The anti-goals are often the highest-value element. “Do not impute” and “do not run clustering” prevent the AI from doing something plausible but wrong for this workflow. LLMs are trained to be helpful, so they add clustering or imputation if those steps appear in QC pipelines they have seen, unless told not to.
The structured version is longer, but the time saved in debugging, revision, and verification is much larger. The goal is not brevity in the prompt. It is precision.
Common failure modes
- An under-specified data shape lets the AI invent column names.
- Missing domain constraints let the AI use the wrong organism’s reference.
- No success criteria leaves you with something plausible that you can’t verify.
Exercises
- Take a prompt you recently sent to an LLM. Rewrite it using the five-part structure above. Re-run. Compare.
- Practice writing a system prompt for a recurring task in your lab.
- Of the five Description elements (Goal, Context, Constraints, Success criteria, Anti-goals), which one is most often the highest-leverage to add, and why?
- The PBMC QC prompt specifies “5% mitochondrial threshold”. This looks like over-specification. Isn’t picking thresholds the AI’s job? What is the actual purpose of putting this in the success criteria?
- You give an AI assistant the goal “Write a Python script for QC on my scRNA-seq data” with no other context. Name three things the AI must invent, and the failure mode each invention can cause.
Answers: 1. Anti-goals. LLMs are trained to be helpful, so without explicit “do not do X” they often add plausible-but-wrong steps from similar workflows in their training data: clustering inside a QC script, imputation, scope creep. A well-placed anti-goal prevents the most common failure, which is a result that looks reasonable but is for someone else’s problem. 2. Picking thresholds is the researcher’s job. The threshold encodes a tissue-specific scientific judgement. 5% works for PBMCs; neurons need 15 to 20%. Putting it in the success criteria documents that the human owns the call and prevents the AI from picking a default that might silently delete most of the experiment. This is Description, not over-specification. The researcher is doing her job rather than delegating it. 3. Examples (any three): organism, where the wrong mt prefix flags zero mt-genes; chemistry version, with outdated loading parameters; expected cell-type count, leading to unhelpful clustering parameter recommendations; deliverable format, with a script vs. notebook mismatch; downstream step, where the script overruns into clustering and annotation.
Further reading
- Wei, J., et al. (2022). Chain-of-thought prompting elicits reasoning in large language models. NeurIPS 2022. The foundational paper on structured prompting. Explains why providing intermediate steps and context improves model output.
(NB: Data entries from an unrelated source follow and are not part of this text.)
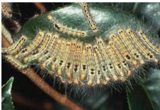
幼虫：集団で加害をする。 中齢幼虫以降分散する。
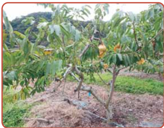
圖11. '青龍' 植株形態

色(圖13)，果肉率約48.0%，可溶性固形物含量26.3°Brix(表1)。病蟲害部分與番荔枝相似，可參考其防治方法。
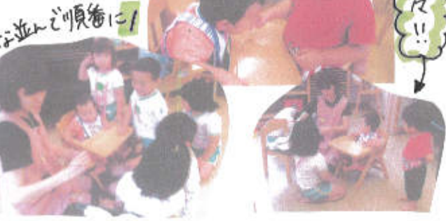
みんな並ぶ順番に!

離乳食が始まると、みんな集まってきました! 今回は、1歳児のお友だちも挑戦! 一度食べさせると興味を持ち、傾けお茶を待ちながら、様子を見ていました。スポンジを渡すと、嬉しそうに食べさせています。「00や、て〜」と頼るのはまだまだみんな先生です! 何のお友だちとの関わりを増やし、異年齢でのやり取りが増えればと思います!! 中川
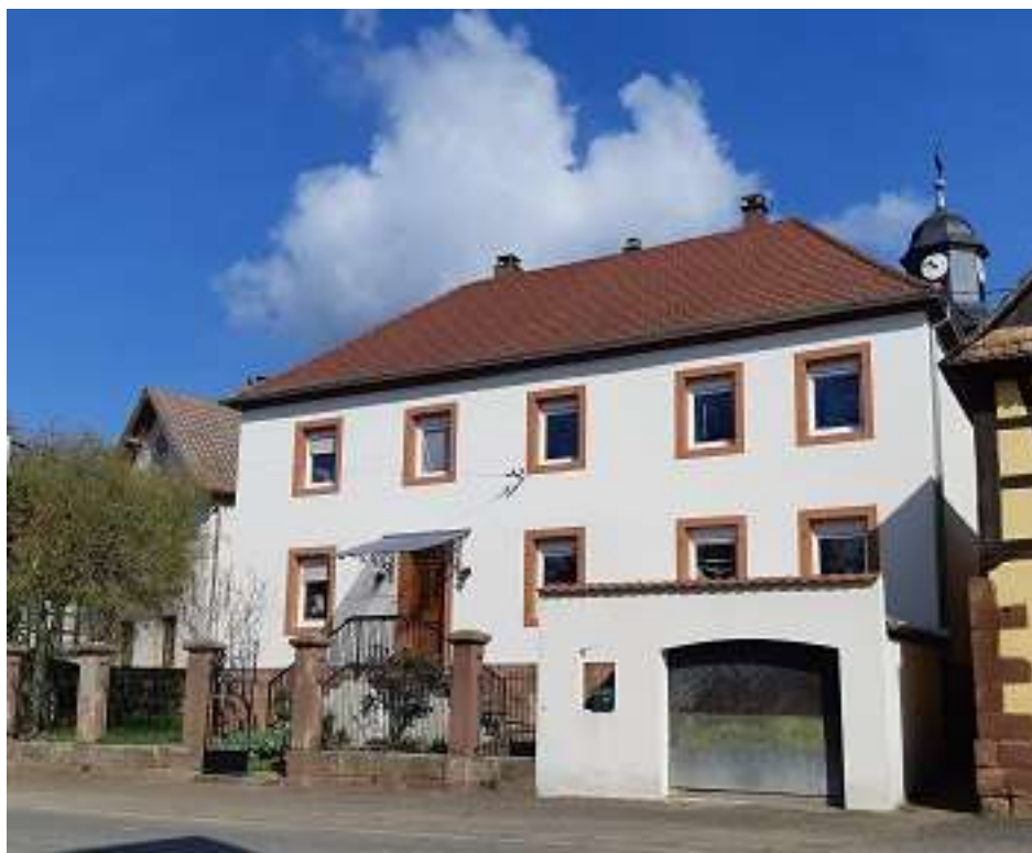
Avec le pignon de l'école (printemps 2022).

Au début du 19 e siècle, la communauté protestante de Wickersheim était encore une annexe de la paroisse de Ringendorf . Lorsque la commune est devenue le siège d'une paroisse regroupant les villages de Wickersheim, Wilshausen et Geiswiller, un logement pour le pasteur et sa famille devenait indispensable.
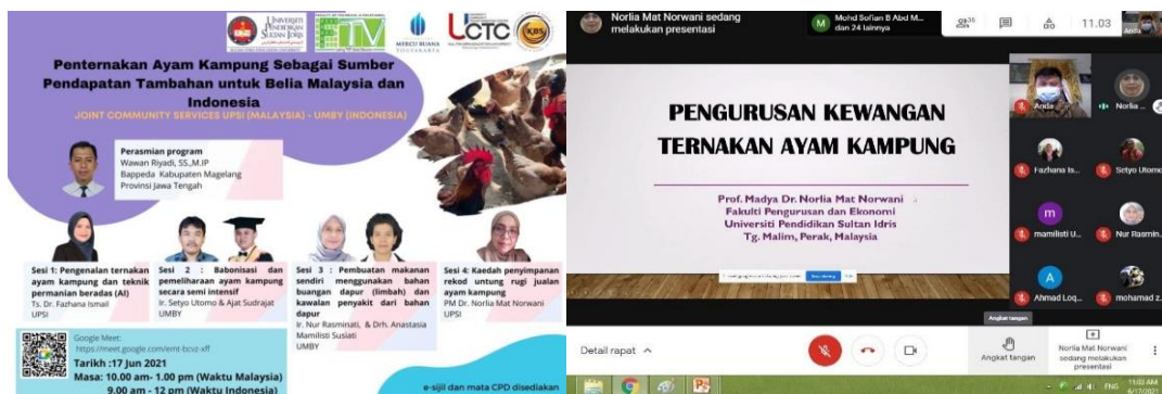
Gambar 1. Poster dan suasana pelatihan Zoom Meeting

Antusiasme peserta ditunjukkan dengan banyaknya pertanyaan selama acara pelatihan daring dilaksanakan baik yang berkaitan dengan sistem babonisasi, pemeliharaan ayam semi intensif, pembuatan pakan ayam kampung berbasis bahan lokal, Inseminasi Buatan (AI) pada ayam dan efisiensi usaha berdasarkan perhitungan untung rugi dalam pemeliharaan ayam kampung serta upaya-pencegahan penyakitnya ( Gambar 1 ).
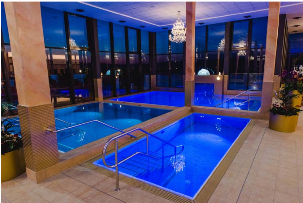
Bild 3 und 4: „König Ludwig II hätte seine helle Freude gehabt“, meint Günther Beckstein, früherer bayerischer Ministerpräsident und Aufsichtsratsvorsitzender der Kristall Bäder AG, zum neuen Kristallbad trimini. Erlebnisbad und Erweiterungsbau bieten Badespaß und

Sitz der Gesellschaft: PCI Augsburg GmbH Piccardstraße 11, 86159 Augsburg Postfach 10 22 47, 86012 Augsburg Tel. +49(8 21) 59 01-0 Fax +49(8 21) 59 01-372

- White, J., et al. (2023). A prompt pattern catalog to enhance prompt engineering with ChatGPT. arXiv:2302.11382. A practical taxonomy of prompt patterns, including context-setting, output-constraint, and persona patterns that map directly onto the five-part structure.
- Liu, P., et al. (2023). Pre-train, prompt, and predict: A systematic survey of prompting methods in NLP. ACM Computing Surveys 55(9). More technical. Contains the “task formulation” framing that explains why constraints and success criteria matter structurally, not just stylistically.
- Ouyang, L., et al. (2022). Training language models to follow instructions with human feedback. NeurIPS 2022. Also cited in How LLMs work. Explains why models respond better to structured specification: RLHF training shapes models to fill in gaps rather than ask for clarification.